Whilst electric cars are beginning to emerge in some of our major centres but their impact has so far been minimal outside of a few neighbourhoods such as Silicon Valley. Michael Liebreich and Angus McCrone provide a forecast for their future growth but more interestingly, look at some of the industries that are likely to be helped or hurt by their rise:

If it is hard to predict when phase change in complex systems begins, it is even harder to predict where it ends. No list of potential impacts of the Transformation of Transportation can be complete.  However, one thing is for sure: if our predictions for the uptake of electric vehicles are anything like correct, there is no part of the global economy which will not, in some way, be affected.

Lawrence Lenihan provides a valuable forecast for the luxury goods sector suggesting that falling barriers to entry will make it increasingly difficult for new companies to grow to the size of the current fashion giants as they’re “out-niched” by newer entrants:

The future will be about specific companies addressing specific markets

The Economist has done a comparison of the performance of leading European versus American firms and Europe has unfortunately comes up wanting with the suggestion that the continent needs to do more to enable world leading companies:

Performance of the top 500 European firms vs the top 500 American firms

The poor performance of managed funds has led more and more investors to switch to index funds but Jason Zweig looks at some of the potentially unintended consequences if investors move on mass to index funds

Index funds don’t “vote with their feet” by selling when they disagree with companies’ managers. They are quasi-permanent investors.

Because corporations know that, says Prof. Heemskerk, coziness and complacency may arise. “If you have only long-term investors, how do you keep management on their toes?” he asks. “Where are the checks and balances when you have such large block holdings?”

Branko Milanovic looks at the different cohorts that are winning and losing in the reshuffling of the world’s global income distribution:

The effects of of globalisation on income distributions in rich countries have been studied extensively.
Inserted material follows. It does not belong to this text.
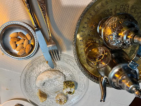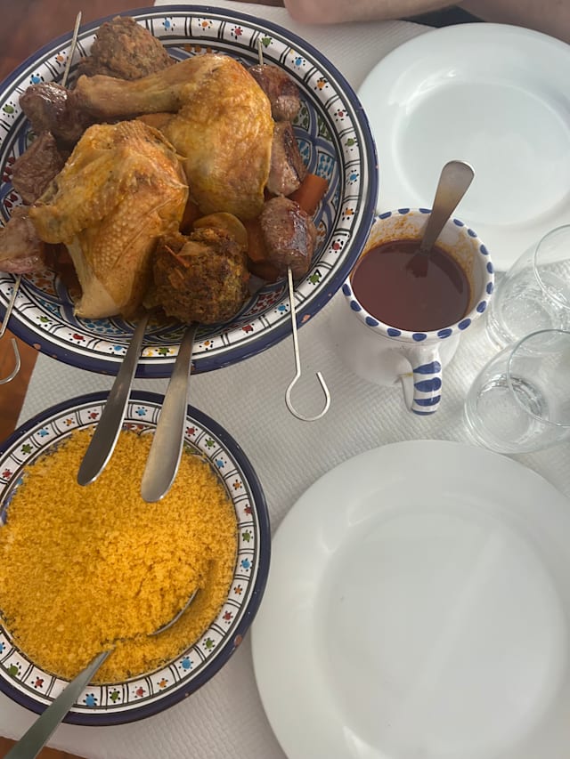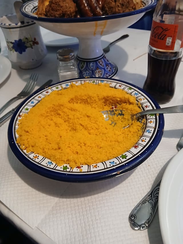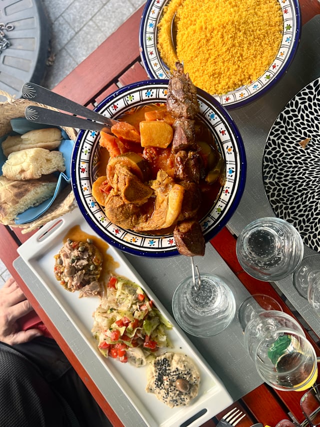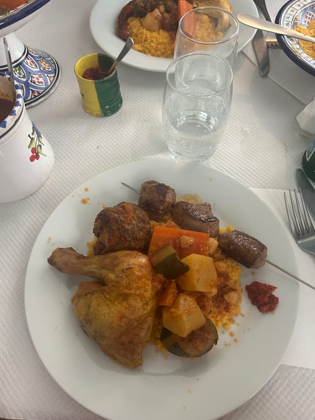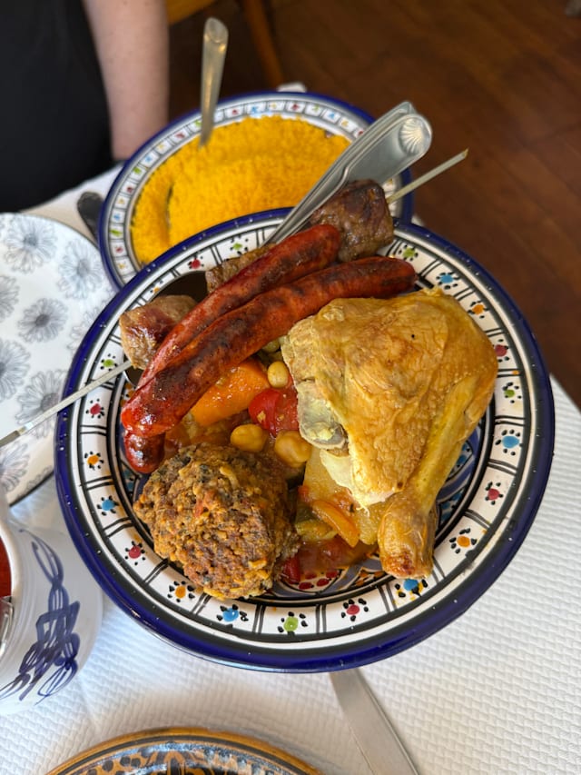 10/10Enjoyed dinner here. It's a Tunisian couscous, not Moroccan. Thicker sauce with tomato concentrate, no raisins, couscous itself has tomato and spices. Service good. Ambiance too. Mint tea afterwards has orange flower water. Recommended.

This column takes a different approach by looking at developments in global incomes from 1988 to 2008. Large real income gains have been made by people around the median of the global income distribution and by those in the global top 1%.  However, there has been an absence of real income growth for people around the 80-85th percentiles of the global distribution, a group consisting of people in ‘old rich’ OECD countries who are in the lower halves of their countries’ income distributions.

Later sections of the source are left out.